The company explains the problem of trying to squeeze more and more data onto a disk platter.
To increase the capacity of a hard drive, engineers try to fit more bits of data, or “grains,” onto each disk platter—they increase the density of bits squeezed into each square inch of surface space. More bits on a disk means more data that can be stored.
But as the bit density increases, the grains get closer together—so close that the magnetism of each grain can influence the magnetic direction of the grains next to it. The stability of each grain at normal temperatures (“thermal stability”) becomes a problem; the only way to fix this is to make the disk platter out of new materials that make the grains more thermally stable so that the grains don't influence each other.
This solution works—it makes each bit very stable, even at room temperature—but it creates a second problem: how do you get a very stable bit to change its magnetic direction when you need it to?
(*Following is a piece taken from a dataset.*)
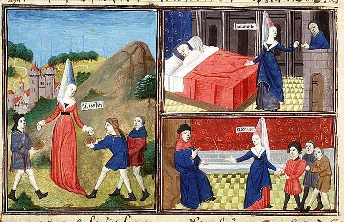 "Liberalità, Umanità e Benevolenza", miniatura tratta da 'Des faits et dits mémorables' (1462), Koninklijke Bibliotheek, L'Aia.
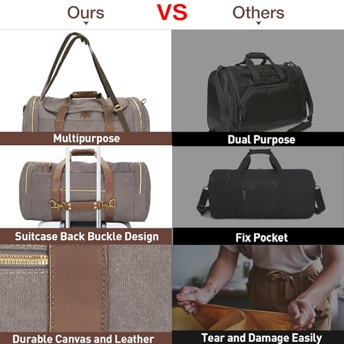 More information about 60L Travel Bags for Men, Nomad Canvas Duffle Bag Vintage Genuine Leather Travel Duffel Bag Multifunctional Weekender Overnight Backpack with Shoes Compartment (Grey, X Large-60L)

How do you write new data to a hard drive if the grains are very thermally stable?
The company long ago decided that the solution was to momentarily heat a microscopic section of the disk large enough to write a single bit of data to it. It came up with this HAMR approach back in 2007 and has been working on it ever since.
To write new data, a small laser diode attached to each write head momentarily heats a tiny spot on the disk, allowing the write head to reverse the magnetic polarity of one bit at a time, allowing the data to be written. Each bit heats and cools in a nanosecond, so the HAMR laser has no effect on the temperature of the drive at all, or on the temperature, stability, or reliability of the media as a whole.
Last year, Seagate announced that it had successfully created a HAMR drive and has since made them available to a few select customers. The Mozaic 3+ are now entering mass production.
Tom's Hardware notes that Western Digital uses a similar technology known as energy-assisted perpendicular magnetic recording (ePMR) to offer its own 32TB drives. It also heats the platter, but it uses an electric current rather than a laser to do so.
The drives are currently aimed at enterprise customers for use in data centers, but as with all storage technologies, we can expect them to make their way into consumer products over time.